Agent-2 (arrives in January 2026) appears more competent than necessary to assist experts in novel bioweapons research, but not smart enough to enable novices to do it.
Agent-3 (arrives in March 2027) could probably enable novices in designing novel bioweapons.
However, terrorists may not get access to these specific models. Open-weights models are lagging behind the best closed models (released through APIs and apps) by a few months. Even the most reckless AI companies would probably hesitate in letting anyone get access Agent-3-level model weights (I hope). Consequentially, rogues will likely also be a few months behind the frontier in capabilities.
While terrorists may face alignment issues with their AIs, even Agent-3 doesn’t appear smart/agentic enough to subvert efforts to shape it in various ways. Terrists may use widely available AIs, perhaps with some minor finetuning, instead of enlisting the help from rogues, if that proves to be easier.
- StanislavKrym 2 Oct 2025 20:36 UTC
  1 point
  0
  Parent
  Except that the AI-2027 compute forecast has Agent-1 start training (and working for OpenBrain?) in August 2025, finish training in March 2026; Agent-2 from the scenario was thought to start training in May 2026, then become Agent-3 after receiving the neuralese and Agent-4 after some combination of unknown breakthroughs, soul-searching and memetic evolution.

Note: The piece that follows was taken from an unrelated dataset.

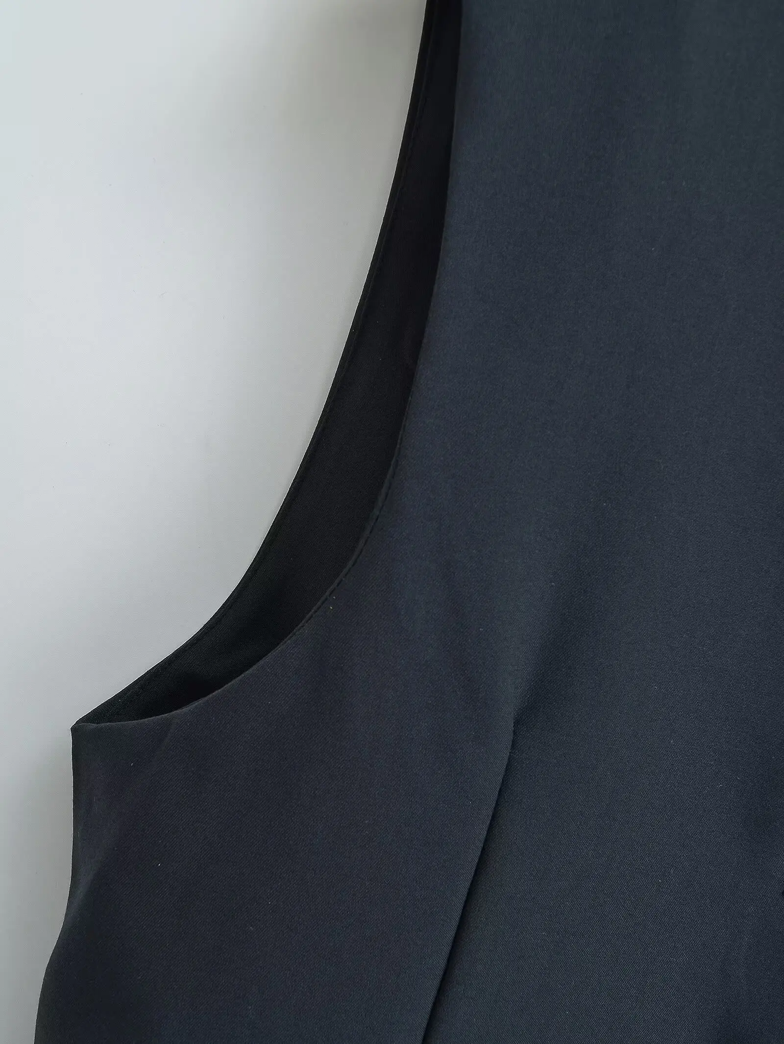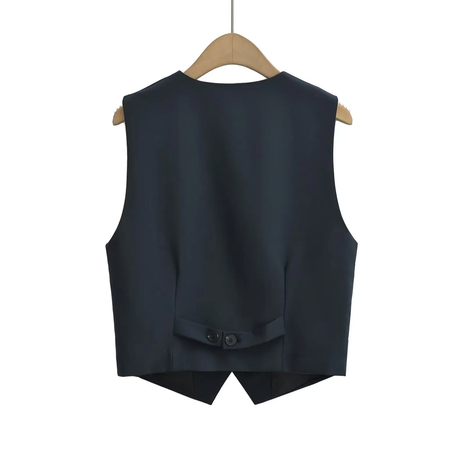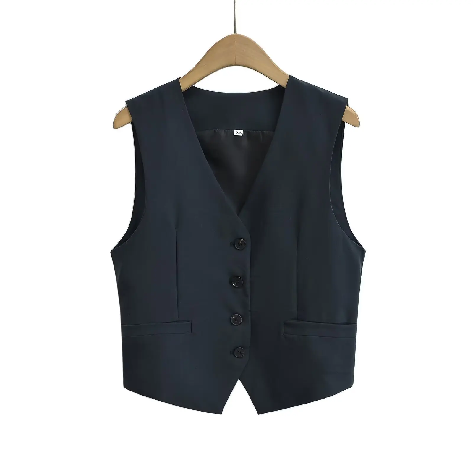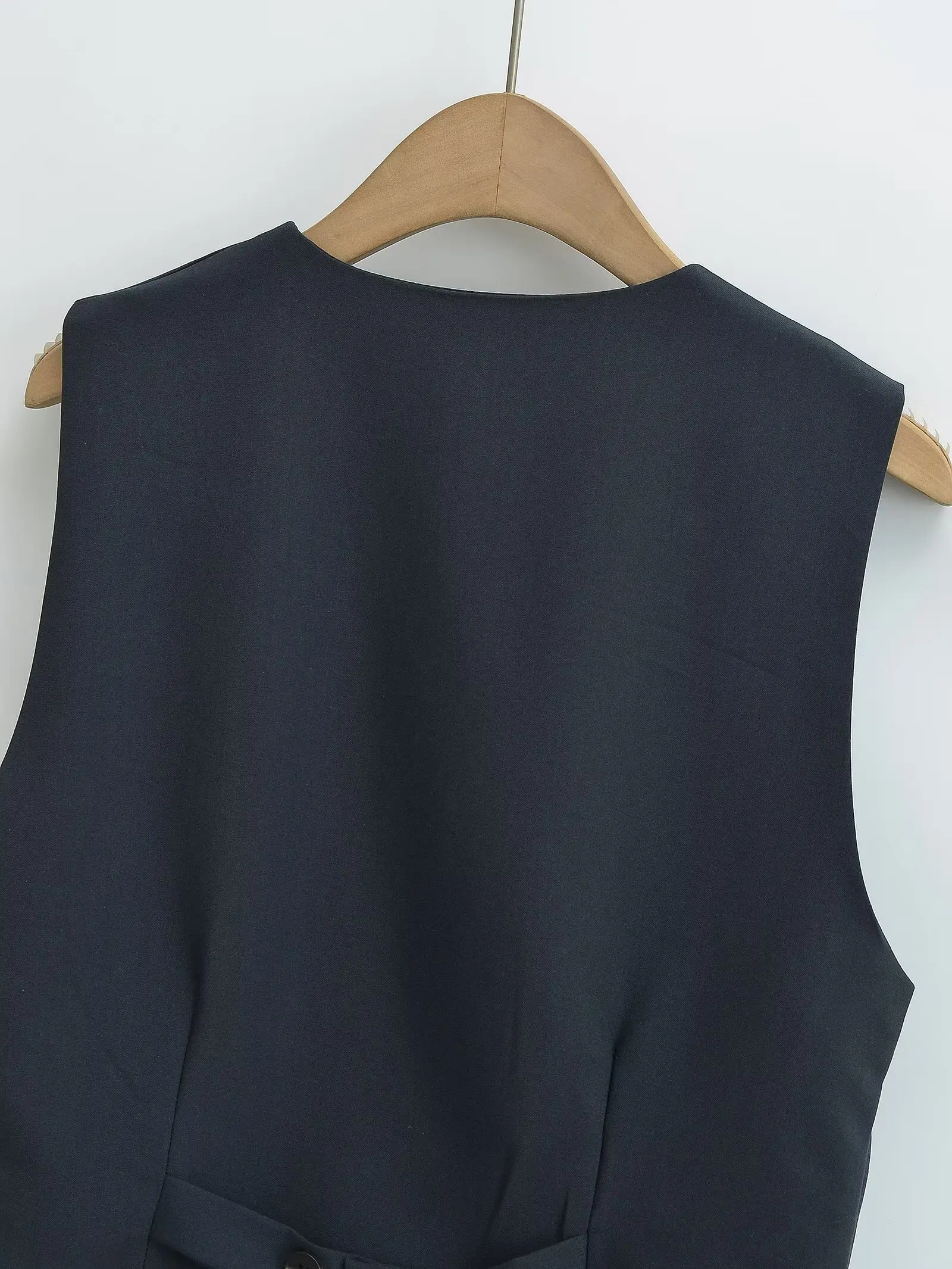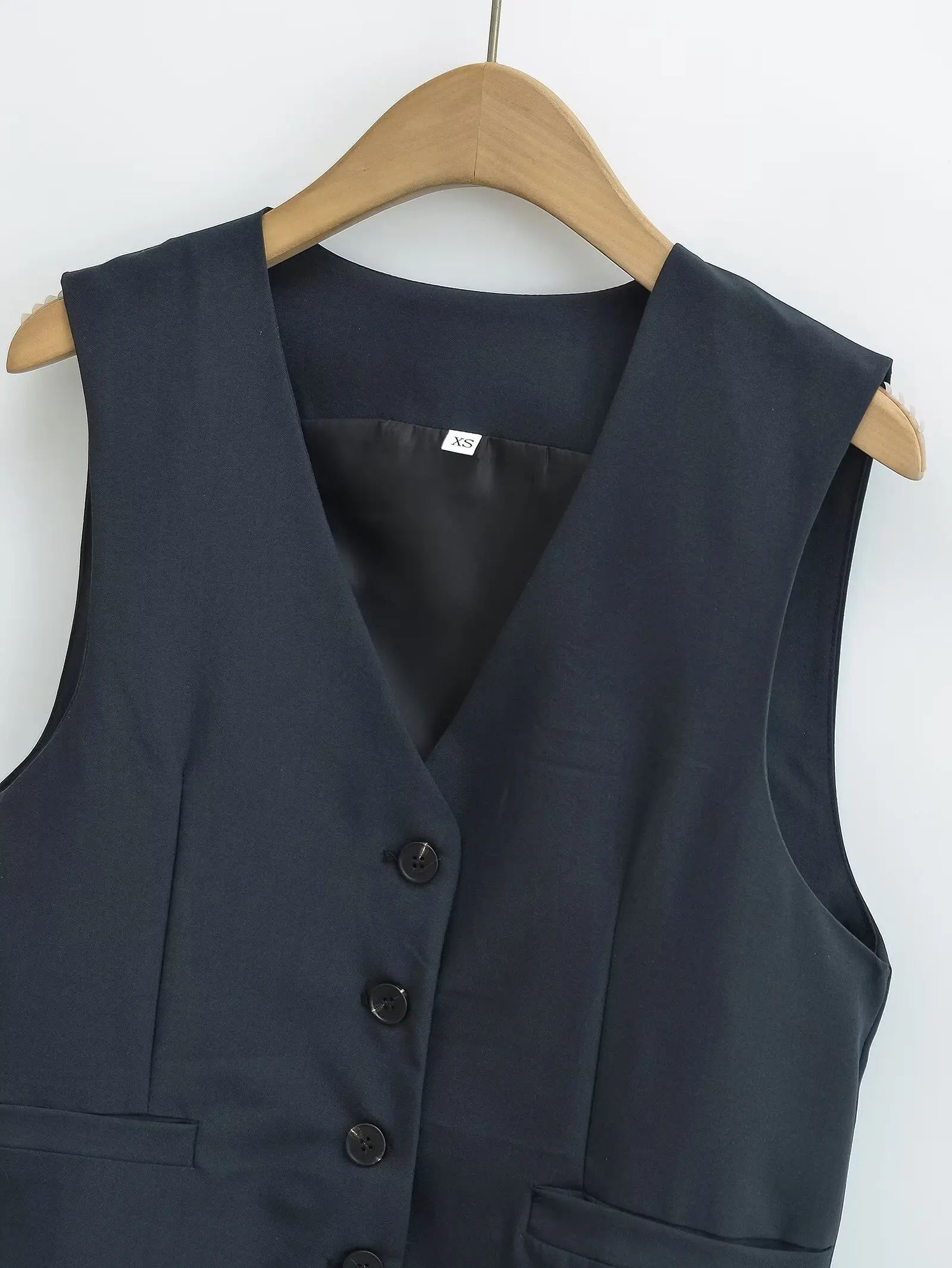 TRAFZA Casual Office Lady Blazer Women Solid V Neck Pockets Sleeveless Single Breasted Long Jacket Fashion 2024 Spring Coats

  If Agent-3 isn’t agentic enough, then does it mean that only Agent-4-level AIs are capable of having an agenda? This prediction of how knowledge and agency correlate in the AIs is a crux for me, since my alternate scenario relies on overestimating the AIs’ agency.

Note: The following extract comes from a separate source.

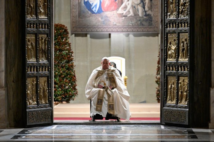 El papa Francisco deseó que el Jubileo que comenzó este martes con la apertura de la Puerta Santa dé esperanza a los países abrumados por las deudas y profanados por la guerra, en su homilía de la Misa del Gallo celebrada en la basílica de San Pedro.

  - Alvin Ånestrand 3 Oct 2025 15:44 UTC
    1 point
    0
    Parent
    I used the timeline from the main scenario article, which I think corresponds to when the AIs become capable enough to take over from the previous generation in internal deployment, though this is not explicitly explained.
    Having an agenda seems to be somewhat dependent on internal coherence, rather than only capability. Agent-3 but may not have been consistently motivated enough for things like self-preservation to attempt various schemes in the scenario.
    Agent-4 doesn’t appear very coherent either but is sufficiently coherent to attempt aligning the next generation AI to itself, I guess?
    AIs are already basically superhuman in knowledge, but I agree that correlation between capability (e.g. METR time horizon) correlates with agenticness / coherence / goal-directedness seems like an important crux.
    Incidentally, I’m actually working on another post to investigate that. I hope to publish it sometime next week.
    I’ll check out your scenario, thanks for sharing!